The last section summarizes the working mode of the real-time task, let's look at the classification of deadline. There are three types of deadline for a real-time task: The first is the implied deadline (implicit deadline), which is not explicitly defined deadline, whose value equals the period parameter. This type of real-time task is relatively low on time requirements, as long as the runtime's CPU resources are allocated within that period. The second is the restricted type deadline (constrained deadline), which is deadline less than (or equal to) the period parameter, a real-time task that has a higher requirement for timing and needs to allocate CPU resources within a time range before the end of the cycle.
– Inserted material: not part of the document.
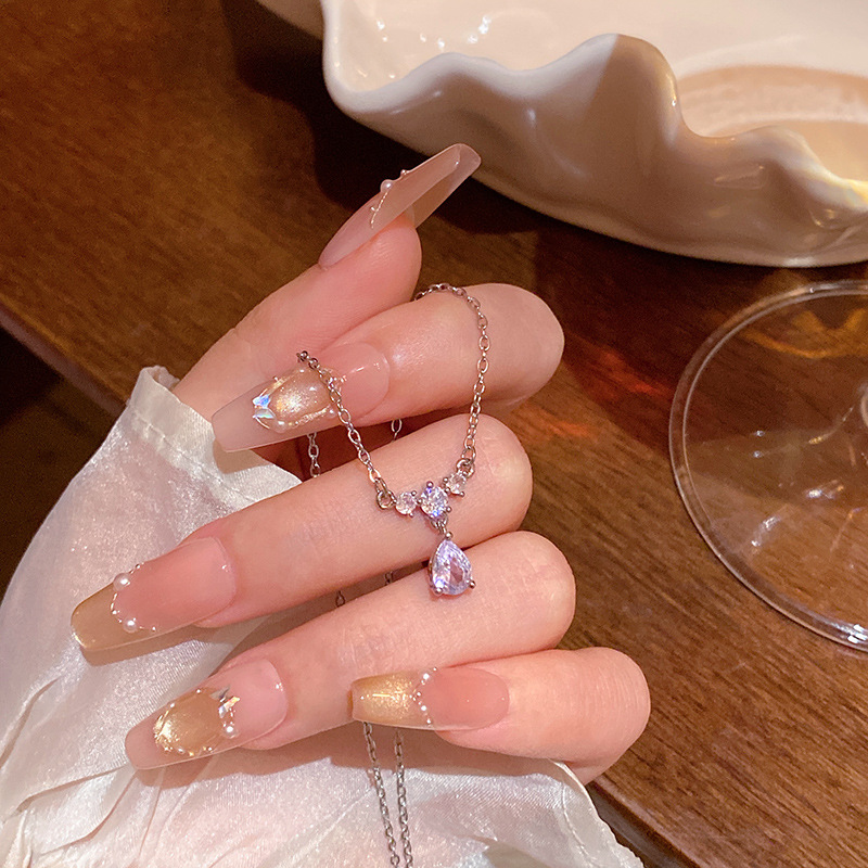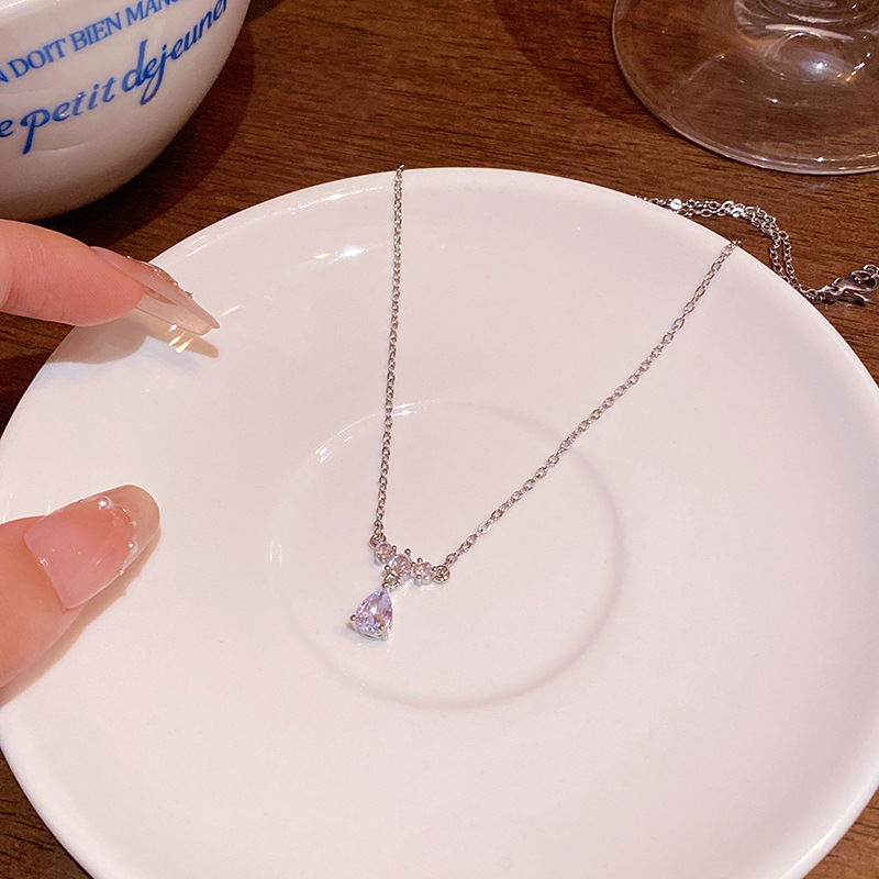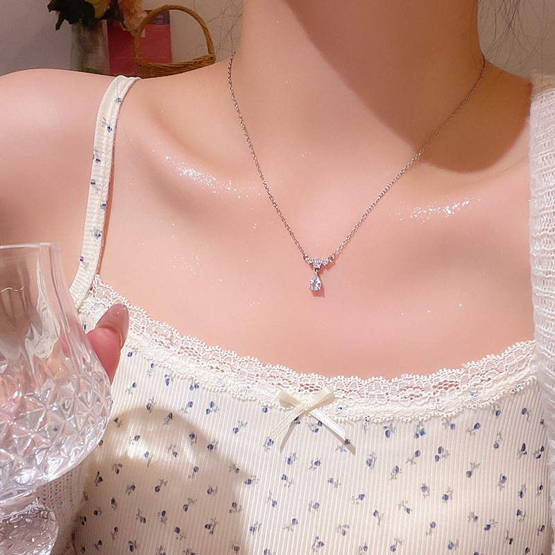 CX13605# 最便宜饰品批发 人鱼之泪水滴形锆石吊坠项链轻奢小众超仙百搭气质钛钢锁骨链颈链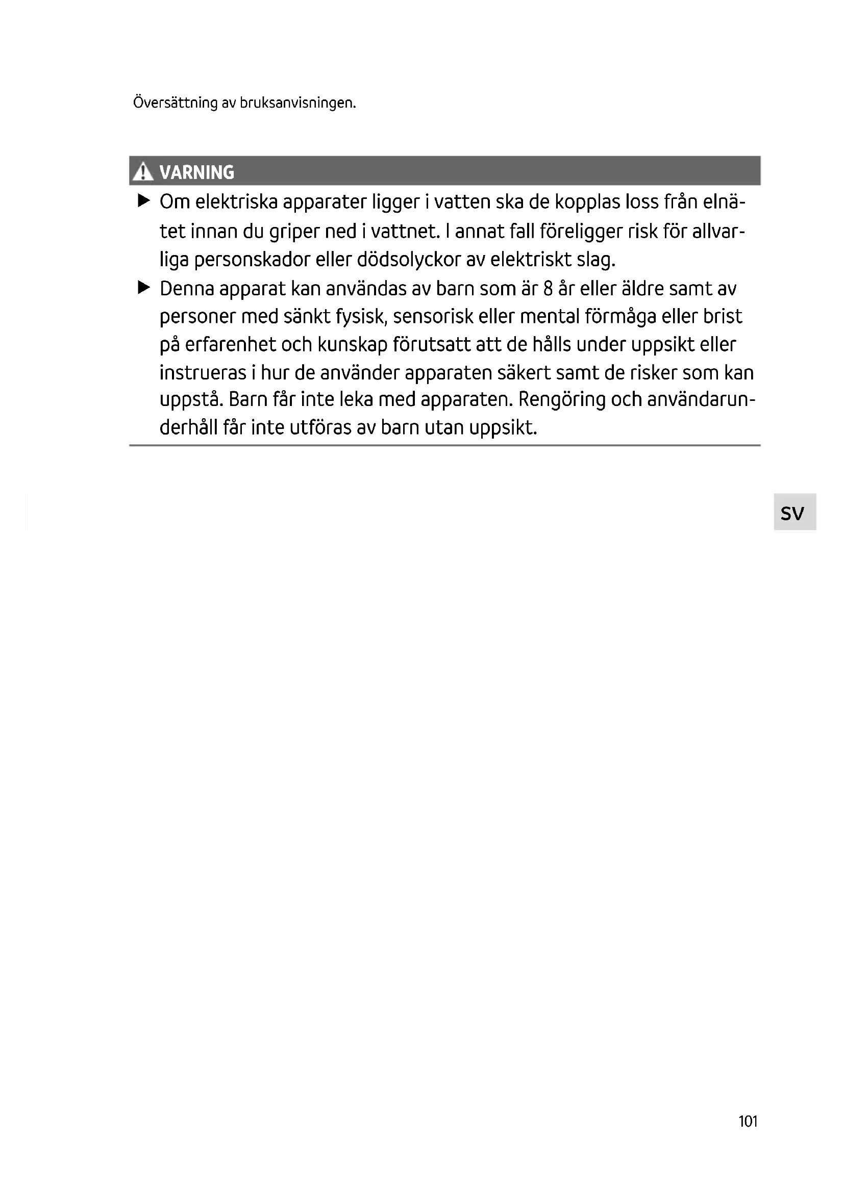 VARNING Om elektriska apparater ligger i vatten ska de kopplas loss från elnä- tet innan du griper ned i vattnet. I annat fall föreligger risk för allvar- liga personskador eller dödsolyckor av elektriskt slag. Denna apparat kan användas av barn som är 8 år eller äldre samt av personer med sänkt fysisk, sensorisk eller mental förmåga eller brist på erfarenhet och kunskap förutsatt att de hålls under uppsikt eller instrueras i hur de använder apparaten säkert samt de risker som kan uppstå. Barn får inte leka med apparaten. Rengöring och användarun- derhåll får inte utföras av barn utan uppsikt.102 Säkerhetsanvisningar Elanslutning

The last one is arbitrary deadline: deadline and cycle are not related.

Based on the abstract task pattern, the real-time researchers have developed a method to evaluate the scheduling algorithm: first given a set of tasks (including a variety of real-time task types described above), let the test scheduler to dispatch this set of tasks, to evaluate the scheduling ability of the scheduler. The results show that the scheduler using the early Deadline first (EDF) algorithm is considered to be the best in a single processor system. The implication is that when the scheduler is unable to complete a task set schedule, other schedulers are powerless. When scheduling periodic and sporadic tasks on a single-processor system, and the deadline is always less than or equal to the period parameter (that is, constrained deadline), the scheduler based on the deadline parameter performs well and performs optimally. In fact, for periodic or sporadic tasks whose deadline equals the period parameter (that is, implicit deadline), as long as the set of tasks being dispatched does not use more than 100% of the CPU time, Then the EDF scheduler can complete the dispatch normally, satisfies the deadline requirement of each RT task. The Linux DL Scheduler implements the EDF algorithm.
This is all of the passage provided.